Six- to ten-week-old female mice from Charles Rivers (strain CB6F1; Houston, TX) were allowed to acclimate upon arrival, before experimentation. Mice were super ovulated with a subcutaneous injection of pregnant mare serum gonadotropin (PMSG; 5.0 IU IP; Sigma; St. Louis, MO) and injected with human chorionic gonadotropin (hCG; 5.0 IU IP; Sigma; St. Louis, MO) 24 hrs later. After injections were administered, mice were mated, (singularly or in pairs) with a male mouse of proven fertility and were harvested at 42 hrs in an attempt to collect 2-cell embryos.

Embryos were collected at the 2-cell stage from mice using micro-dissection of the oviduct and placed into pre-treatment media. Embryos were then randomly assigned to treatment.

Embryo development and observation

Embryos were allowed to develop in the pre-treatment dishes for 32-33 hrs post-harvest. Embryos undergoing the IC-50 experiment with varying concentrations of YM-155 were transferred into respective treatments at 33 hrs. In the iloprost experiment, embryos were transferred to their respective treatment dishes at 32 hrs. At the 33 hr mark, the dilute 0.145 nM YM-155 was added to the combination treatment group as previously described. Embryos in both experiments developed under treatment conditions for an additional 16 hrs. After 16 hrs in treatment (48 hrs post-harvest), embryos were transferred into their respective post-treatment dishes. Embryos were allowed to develop for 120 hrs. A timeline of the experiment is exhibited in Figure 1.
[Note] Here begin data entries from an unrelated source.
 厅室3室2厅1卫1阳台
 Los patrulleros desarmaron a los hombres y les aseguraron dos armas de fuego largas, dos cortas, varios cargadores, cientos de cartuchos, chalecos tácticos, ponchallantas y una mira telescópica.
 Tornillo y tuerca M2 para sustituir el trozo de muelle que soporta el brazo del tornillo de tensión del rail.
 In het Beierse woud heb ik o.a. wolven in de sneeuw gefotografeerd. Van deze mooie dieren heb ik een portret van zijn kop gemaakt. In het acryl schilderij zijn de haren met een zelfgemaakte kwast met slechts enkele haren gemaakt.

Embryos in both experiments were evaluated at 24 hr intervals using standard markers for viability used in the ART laboratory. Fragmentation, gross abnormalities in morphological appearance, and excess debris within the zona pellucida were used as markers to determine embryo viability and eliminate embryos from consideration in the study. The study's guidelines to study embryo development would have been compromised by allowing embryos or oocytes that were pre-determined to be unfertilized, stagnant, or dead to be included in the treatment groups.
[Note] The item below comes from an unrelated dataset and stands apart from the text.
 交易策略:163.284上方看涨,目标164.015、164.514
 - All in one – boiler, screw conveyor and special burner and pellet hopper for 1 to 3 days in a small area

Hatching was used as an indicator for viability, as a hatched embryo indicates implantation potential and cannot resume in vitro development post hatching. Embryos that ceased development prior to hatching from the zona pellucida were deemed non-viable and to have undergone apoptosis. Embryos that were deemed unhealthy after pre-treatment, and therefore unlikely to progress to the blastocyst stage under normal development, were removed from the study before starting the treatment incubation period.

Statistical analyses

All data were analyzed by Statistical Package for the Social Sciences (SPSS ver. 12, Chicago, IL). Chi-squared analysis was used to determine differences in the experimental model with a one-tail Fisher's exact test performed to determine statistical significance due to the data being a binomial set. A value of p < 0.05 was used to determine statistical significance.

Results

YM-155 IC-50 study

A total of 198 two-cell embryos were recovered and utilized to determine the IC-50 of YM-155 in embryo development. They were cultured as follows: 1) 46 in the control group, 2) 35 in 3.3 nm YM-155, 3) 41 in 1.0 nm YM-155, 4) 36 in 0.33 nm YM-155 and 5) 40 in 0.1 nm YM-155. Development was assessed at 24 hr intervals as described above, and embryos were monitored for the appearance of apoptosis.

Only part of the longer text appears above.